The Imitation Game finds another foreign director (Morten Tyldum, Headhunters) breaking new ground with a prestigious English language film. Benedict Cumberbatch headlines as mathematician Alan Turing. Turing led the top secret British team that broke the German enigma code during WWII. Keira Knightley and Mark Strong lend some good supporting performances. In this covert world there are plenty of secrets including being gay or a Soviet spy.
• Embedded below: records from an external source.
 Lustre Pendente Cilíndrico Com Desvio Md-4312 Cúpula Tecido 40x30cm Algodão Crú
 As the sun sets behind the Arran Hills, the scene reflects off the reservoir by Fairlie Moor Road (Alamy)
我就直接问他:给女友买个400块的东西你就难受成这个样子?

Top Five hilariously lampoons the current media culture. Chris Rock writes/directs/stars. Rock and Rosario Dawson walk around NYC, she a NY Times reporter and he obsessed with the opening of his new movie. Rock plays a player who became an Eddie Murphy level star in a series of ham-fisted action films. Only his new film is a serious drama about a slave rebellion in Haiti. He tells reporters at a press junket that the rebellion killed 50,000 white people “but we only kill about two or three thousand on screen.” Take Five is the funniest film of the year.
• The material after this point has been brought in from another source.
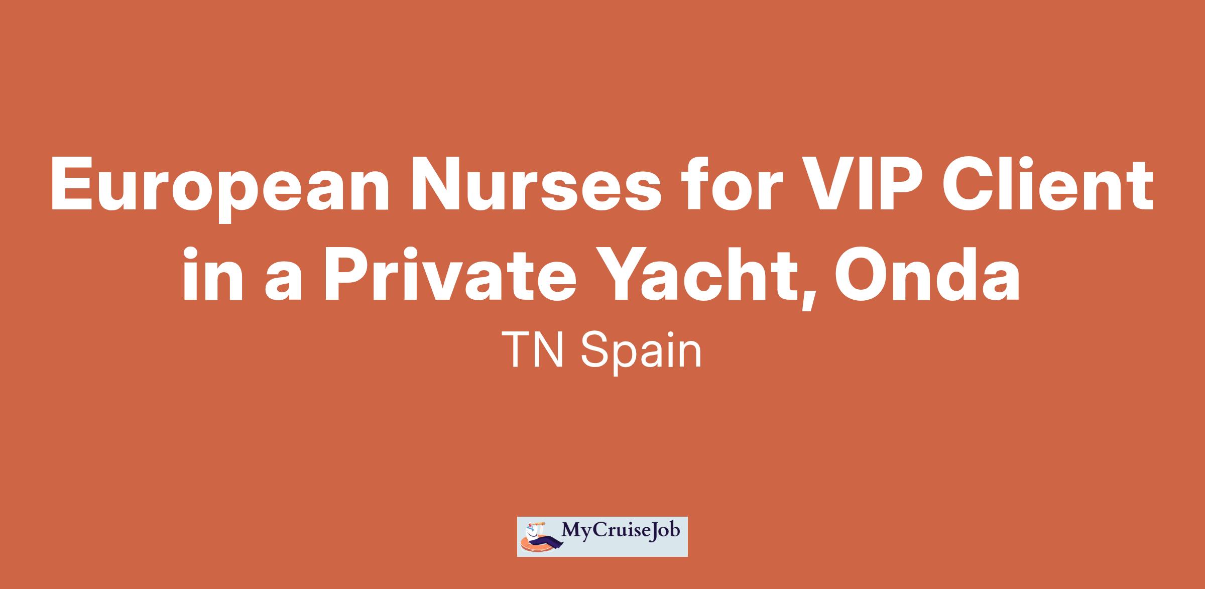 We are seeking European Nurses to provide premium healthcare for a VIP client traveling internationally aboard a luxury private yacht.

Guardians of the Galaxy introduces Rocket Raccoon, a truly grumpy yet charismatic character who carries a big stick and has a natural mask. Rocket is part of an ensemble that includes Groot a plant based life form, Drax a kind of muscle man, Gamora (Zoe Saldana) a green skinned femme fatale with martial arts skills, and Peter Quill (Chris Pratt) an Earthling who was kidnapped by aliens from his home planet in the 1980s and who fancies himself a mercenary named Starlord. Direction is by James Gunn who previous feature length films were distinguished by their no-holds-barred indie chutzpah, particularly the brilliant super hero black comedy merely titled Super. Gunn steps up to the Hollywood standard of adhering to a PG-13 sensibility while stuffing the content with innuendo and subtle references to nostalgia.

Foreign films that stood in the vanguard of last year’s releases include Force Majeure (Sweden); The Raid 2 (Indonesia); Ida (Poland); Leviathan (Russia); Borgman (Netherlands); Big Bad Wolves (Israel); Omar (Palestine); and Wild Tales (Argentina). While we’re at it Calvary (Ireland); Nymphomaniac: Vol. I & II (Denmark); Snowpiercer (South Korea); and Mr. Turner (UK), and all in English are technically foreign films and each quite good.

Documentary highlights encompass such varied scrutiny as Citizenfour; Tim’s Vermeer; No-No: A Dockumentary; Jodorowsky’s Dune; National Gallery; The Dog; Deepsea Challenge 3D; Dinosaur 13; 20,000 Days on Earth; and The Battered Bastards of Baseball.